388. 前記アジュバント又は形質移入促進化合物が、CRL1005及び塩化ベンザルコニウム（ＢＡＫ）を含む、請求項３８３に記載の組成物。
389. 前記CRL1005及びBAKが
     (a) 0.3mM BAK及び7.5mg/ml CRL 1005；
     (b) 0.3mM BAK及び34mg/ml CRL 1005；および
     (c) 0.3mM BAK及び50mg/ml CRL 1005
     からなる群から選択される濃度で存在する、請求項３８８に記載の組成物。
390. 曇点（ｃｌｏｕｄ ｐｏｉｎｔ）より高い温度でのサーマルサイクルを行わずに、CRL1005、BAK及びポリヌクレオチドを曇点より低い温度で組み合わせる（ｃｏｍｂｉｎｉｎｇ）ことにより製剤化した、請求項３８８あるいは請求項３８９に記載の組成物。
391. さらに、不活性化ウィルス、弱毒化ウィルス、単離インフルエンザウィルスポリペプチドを発現するウィルスベクター、及びインフルエンザウィルスタンパク質／またはその断片／変異体若しくは誘導体に由来する単離ポリペプチドからなる群から選択される従来のワクチン構成成分を含む、請求項３８２から３９０のいずれか１項に記載の組成物。
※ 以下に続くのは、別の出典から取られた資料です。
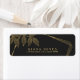 Gold flower and leaf outlines bordered by creative geometric line accents are paired with beautiful handwritten script text and sprinkled with gold dust to form the creative pieces in this elegant wedding suite. This wedding return address label features the above design elements and is easy to customize using the provided template to add your name and address. Search ID835 to see other pieces in this suite.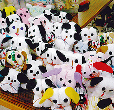 上矢部団地の集会所を会場に、創作活動などを行っている「なごみ会」ではこのほど、1本の手ぬぐいで犬をかたどった小物を制作し、被災地へ送ることを決めた。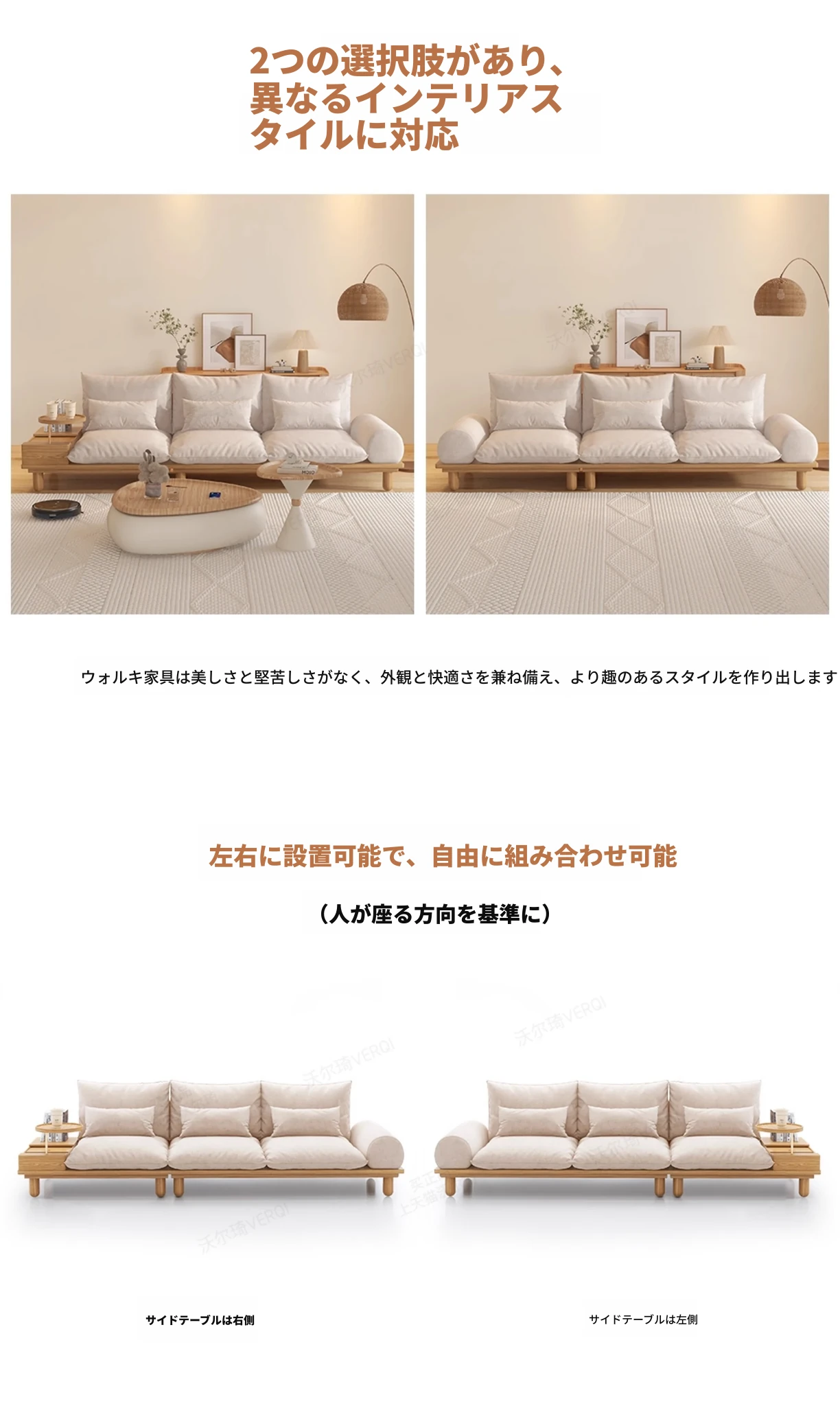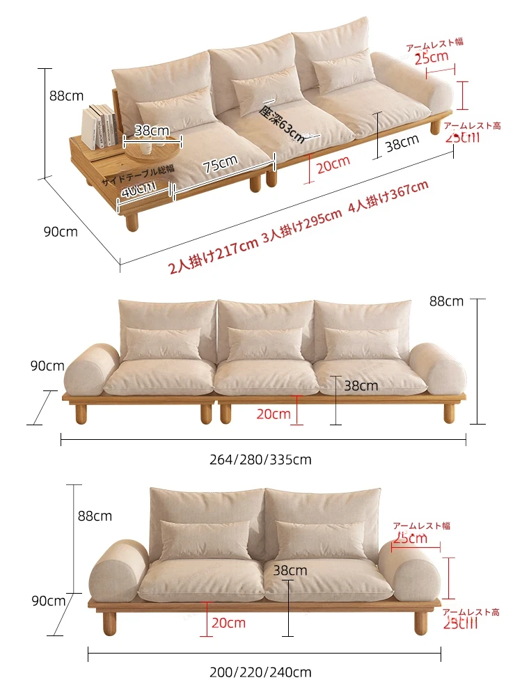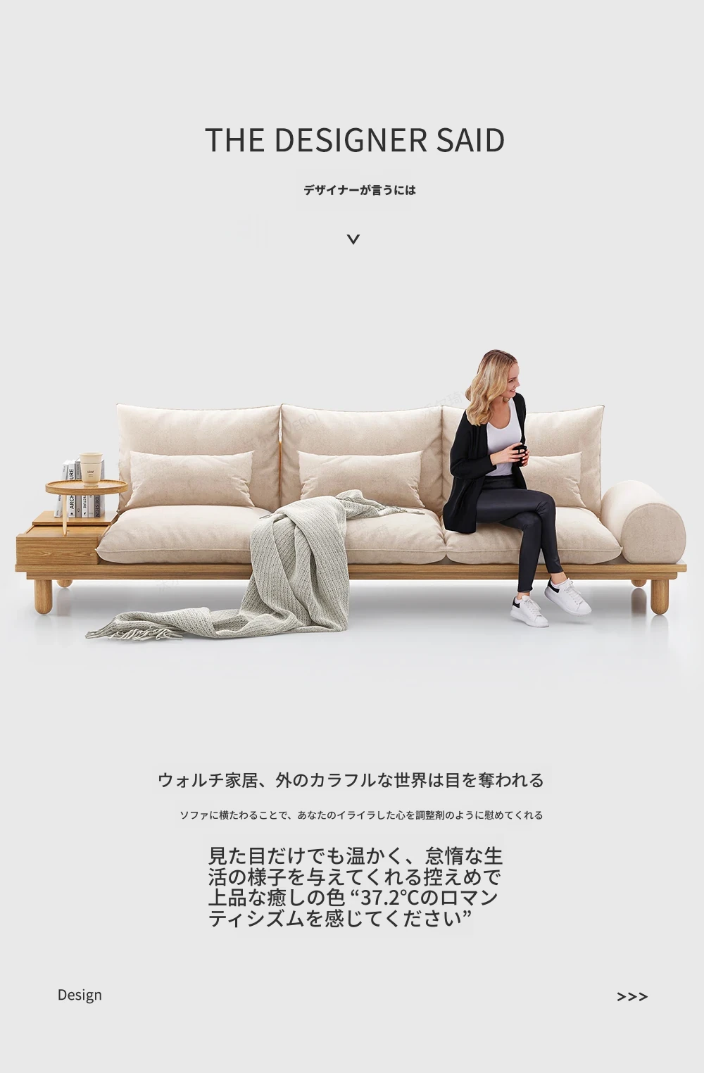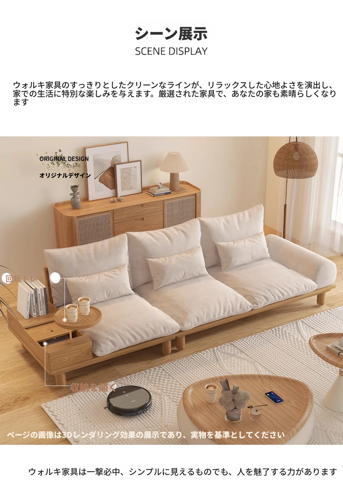 北欧風シンプルデザイン!実木ソファ - 小型リビングに最適な3人掛け、ラテックス布カバー付き、収納機能付き。おしゃれで快適な空間を演出する、モダンなインテリアアイテム!

392. 脊椎動物におけるインフルエンザ感染を治療又は予防する方法であって、請求項３７７から３８０のいずれか１項に記載のベクター又は請求項３８２から３９１のいずれか１項に記載の組成物を、そのようなインフルエンザ感染に対する治療又は予防を必要としている脊椎動物に投与することを含む方法。